*** Begin section ***

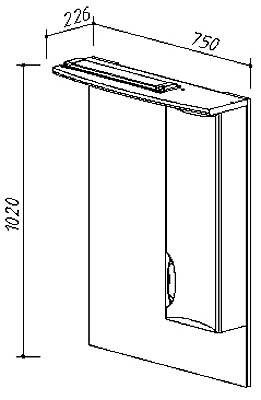 1) зеркало Венеция В 75Ш, размер: 750х226х1020 мм,
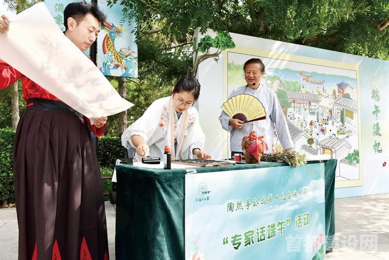 在陶然亭公园,民俗专家高巍身着传统服饰,为市民游客讲解展示端午节的起源、习俗和文化内涵 ■公园管理中心/供图
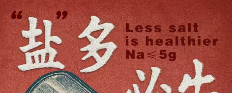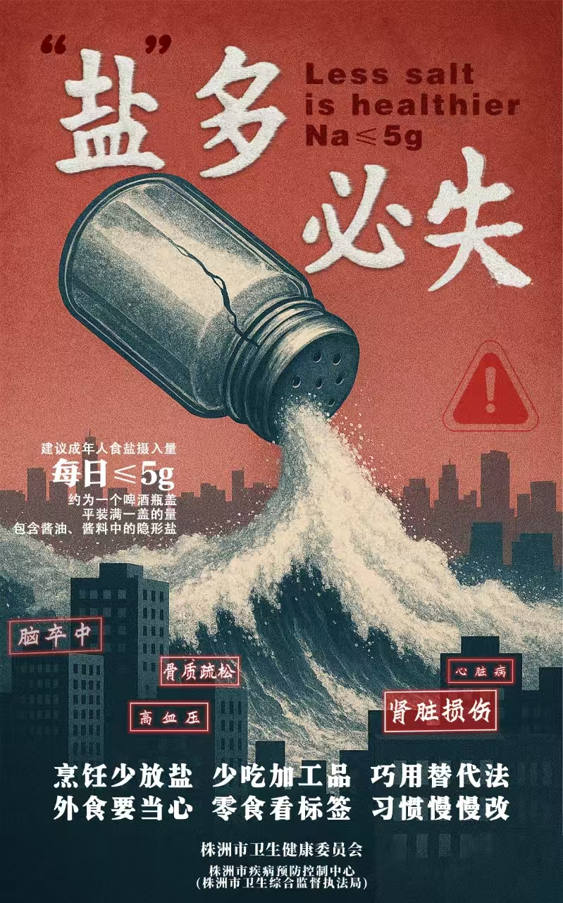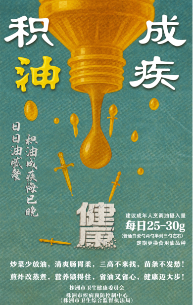 高盐高油海报,主要体现日常生活中吃多了油和盐对健康的危害,并把国家推荐成人每天的油和盐的用量用日常可见的啤酒瓶盖和白瓷勺具体化。图面设计把多油化作利剑飞向健康,多盐变成海啸淹没房屋,来体现高盐高油对健康的伤害有多大,形象生动,让人一看非常有震慑力。海报主题“积油成疾”“盐多必失”妙改成语,让人容易牢记心中。系列副标以顺口溜的形式体现,郎朗上口:烹饪少放盐,少吃加工品,巧用替代法,外食要当心,零食看标签,习惯慢慢改。炒菜少放油,清爽肠胃柔,三高不来找,苗条不发愁!煎炸改蒸煮,营养锁得住,省油又省心,健康迈大步!
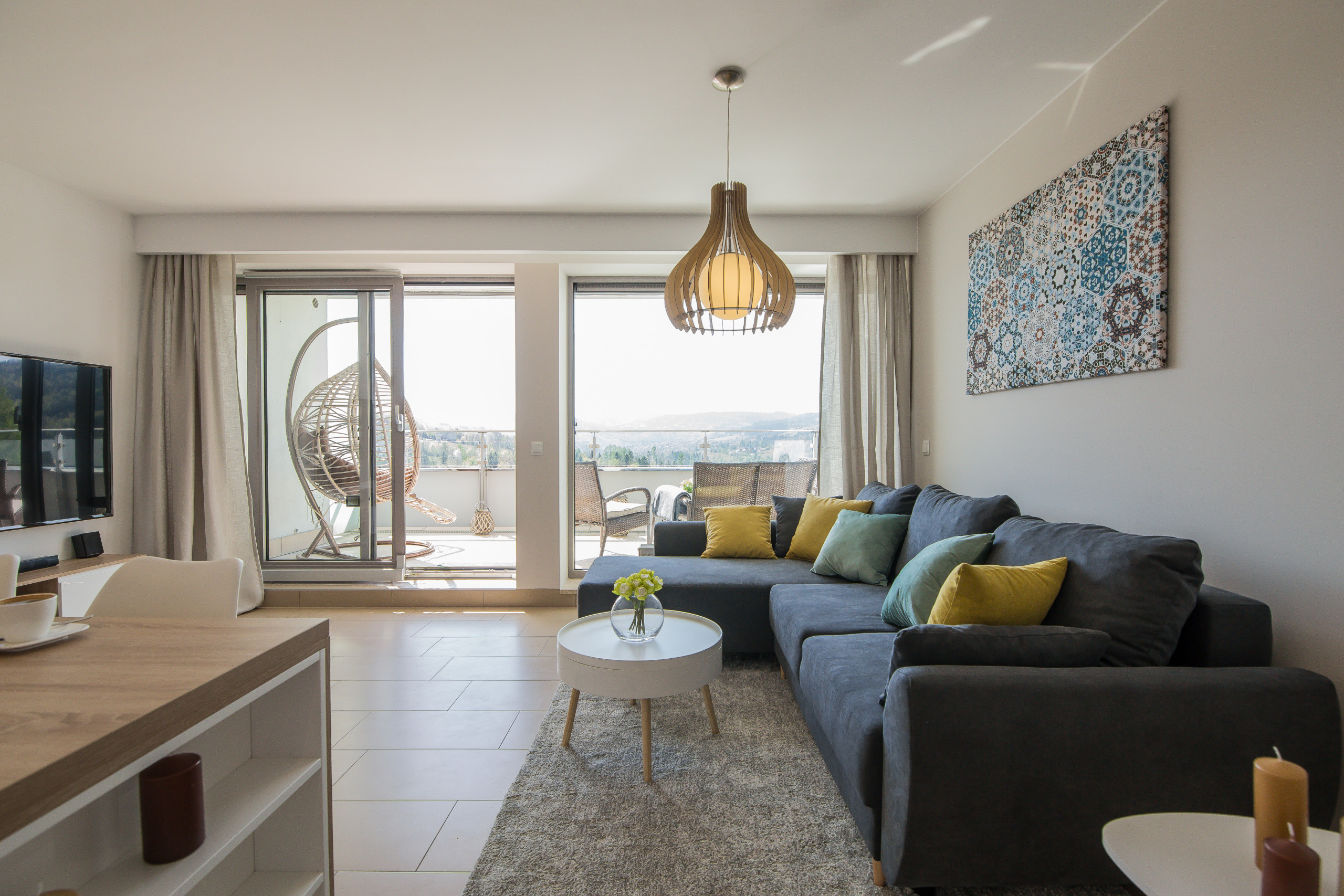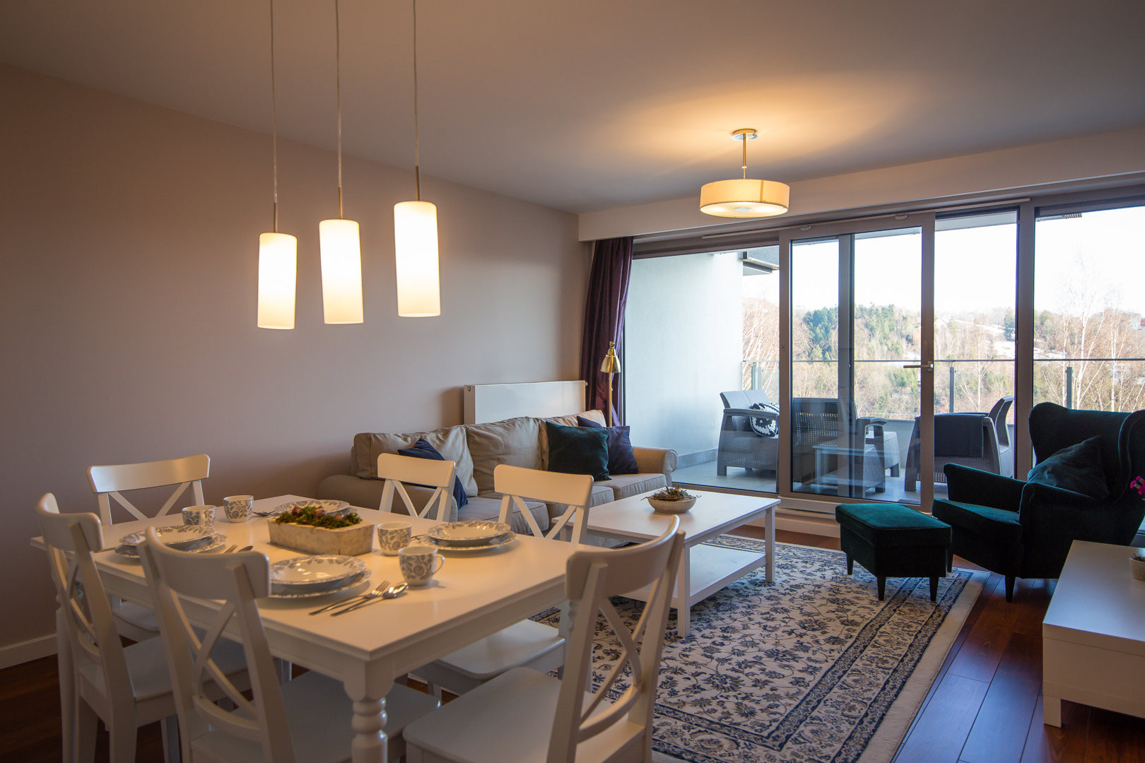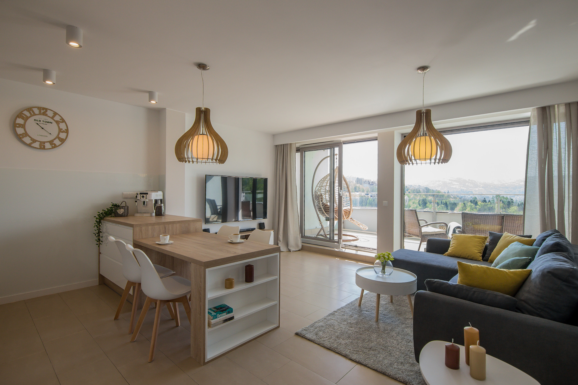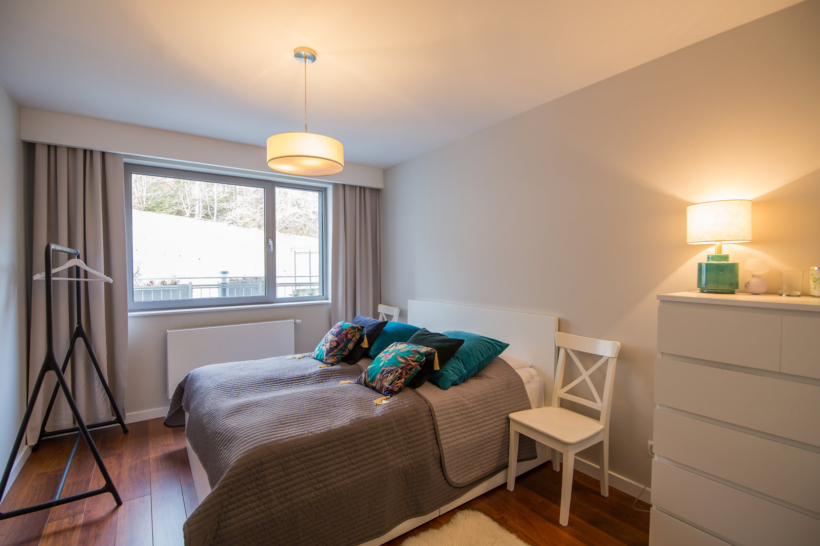 Apartament dla 4 osób znajduje się na parterze budynku. Wnętrze charakteryzuje się połączeniem klasyki z nowoczesnymi akcentami, co tworzy wyjątkową, przytulną atmosferę. Funkcjonalnie zaprojektowana powierzchnia składa się z salonu połączonego z aneksem kuchennym, sypialni oraz łazienka z prysznicem. W części wypoczynkowej znajduje się telewizor oraz wygodna rozkładana sofa. Z salonu można wyjść na balkon, z którego rozciąga się przepiękny widok na panoramę Wisły i gór. Centralnym punktem mieszkania jest jadalnia ze stołem i zestawem krzeseł. Atutem apartamentu jest osobna sypialnia z komfortowym podwójnym łóżkiem, gwarantującym wygodny odpoczynek po aktywnie spędzonym dniu. Goście mają do dyspozycji szybkie i darmowe Wi-Fi. Kuchnia, otwarta na część jadalną, jest przykładem perfekcyjnego wykorzystania przestrzeni. Białe, lakierowane szafki kuchenne idealnie współgrają z jasnobrązowym blatem, co nadaje wnętrzu świeży i czysty wygląd. Apartament wyróżnia się bogatym zestawem udogodnień i kompletnym wyposażeniem kuchennym, które umożliwia przygotowanie domowych posiłków. W łazience zostały przygotowane dla Gości zestaw kosmetyków. Mieszkanie szczególnie przypadnie do gustu osobom podróżującym ze zwierzętami, gdyż dopuszczalny jest pobyt wraz z pupilami.
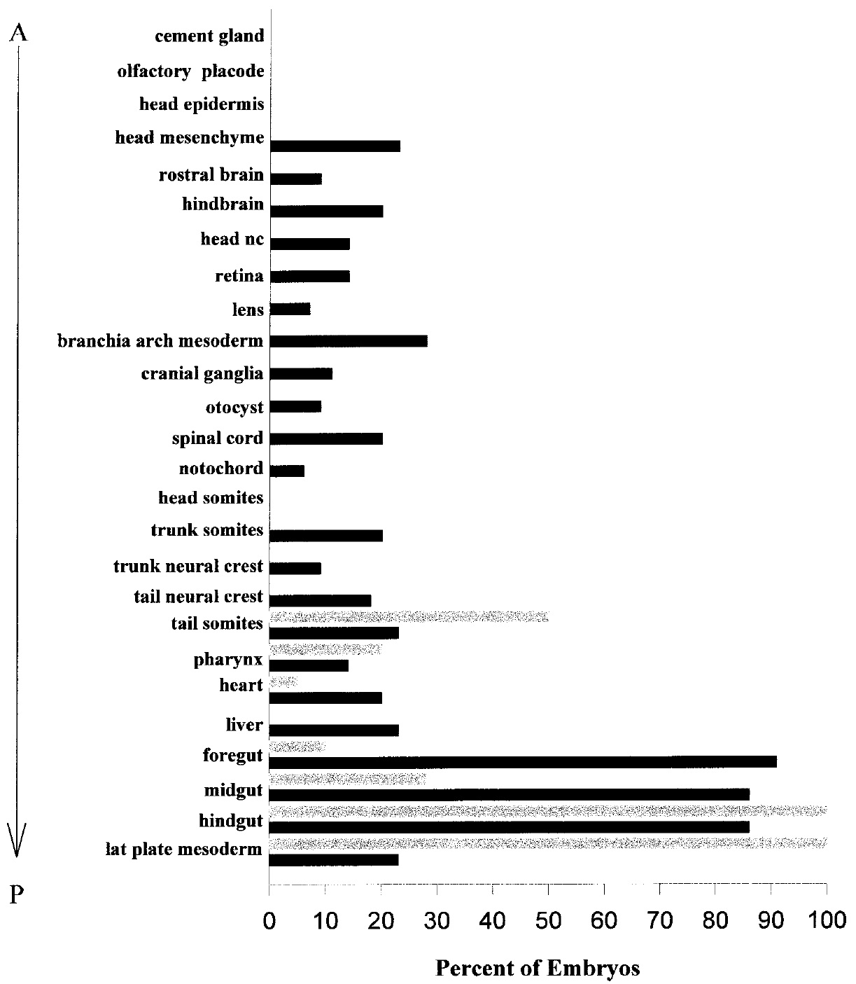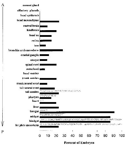 tissues including retina and other CNS derivatives. All but the most anterior tissues (i.e., cement gland, olfactory placode) contain some
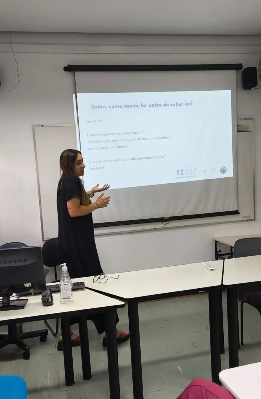 Apresentei, em parceria com a Giulianny Russo, o trabalho “Ler antes de saber ler: situações de leitura pela criança no percurso formativo de 1º e 2º ano do Compromisso Nacional Criança Alfabetizada”, compartilhando estudos e contribuições sobre a leitura como construção de sentidos.
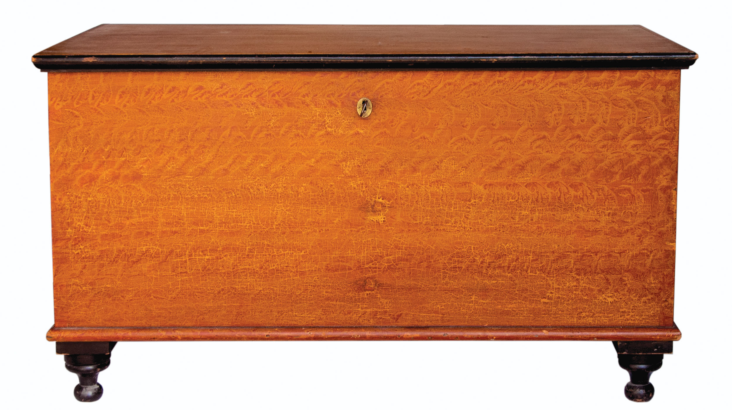 Feather and sponge painted, pine with walnut interior till, dovetailed case, applied and molded top and base trim, ebony painted accents, bun feet, lock and key with oval brass escutcheon, molded and breadboard ends on lid, (purchased by Fertig’s June 1987), 25″ h, 42″ w, 21″ d, (ex. Fertig collection).
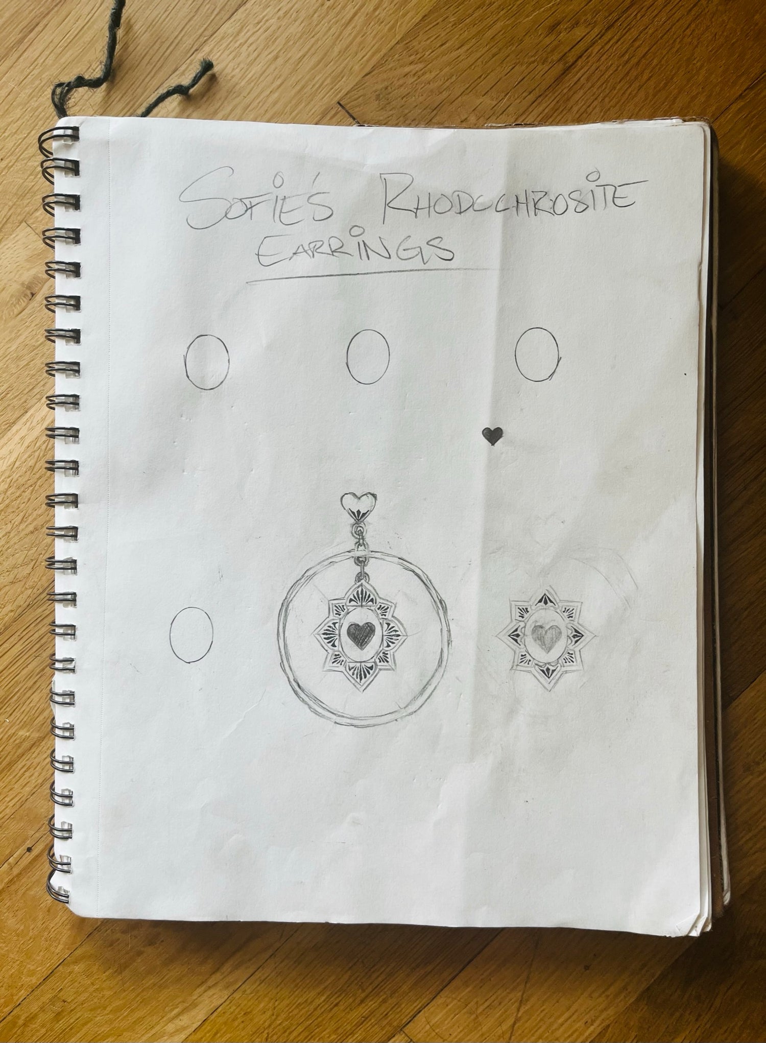 Each of Six of Wands Designs Custom Pieces starts with multiple sketches in coordination with the purchaser to achieve the desired composition and feel.

*** End section ***

Without any pictures, reproduce the lines from the first one in the material through the line that has "高盐高油海报,主要体现日常生", exactly as they appear.

 1) зеркало Венеция В 75Ш, размер: 750х226х1020 мм,
 在陶然亭公园,民俗专家高巍身着传统服饰,为市民游客讲解展示端午节的起源、习俗和文化内涵 ■公园管理中心/供图
 高盐高油海报,主要体现日常生活中吃多了油和盐对健康的危害,并把国家推荐成人每天的油和盐的用量用日常可见的啤酒瓶盖和白瓷勺具体化。图面设计把多油化作利剑飞向健康,多盐变成海啸淹没房屋,来体现高盐高油对健康的伤害有多大,形象生动,让人一看非常有震慑力。海报主题“积油成疾”“盐多必失”妙改成语,让人容易牢记心中。系列副标以顺口溜的形式体现,郎朗上口:烹饪少放盐,少吃加工品,巧用替代法,外食要当心,零食看标签,习惯慢慢改。炒菜少放油,清爽肠胃柔,三高不来找,苗条不发愁!煎炸改蒸煮,营养锁得住,省油又省心,健康迈大步!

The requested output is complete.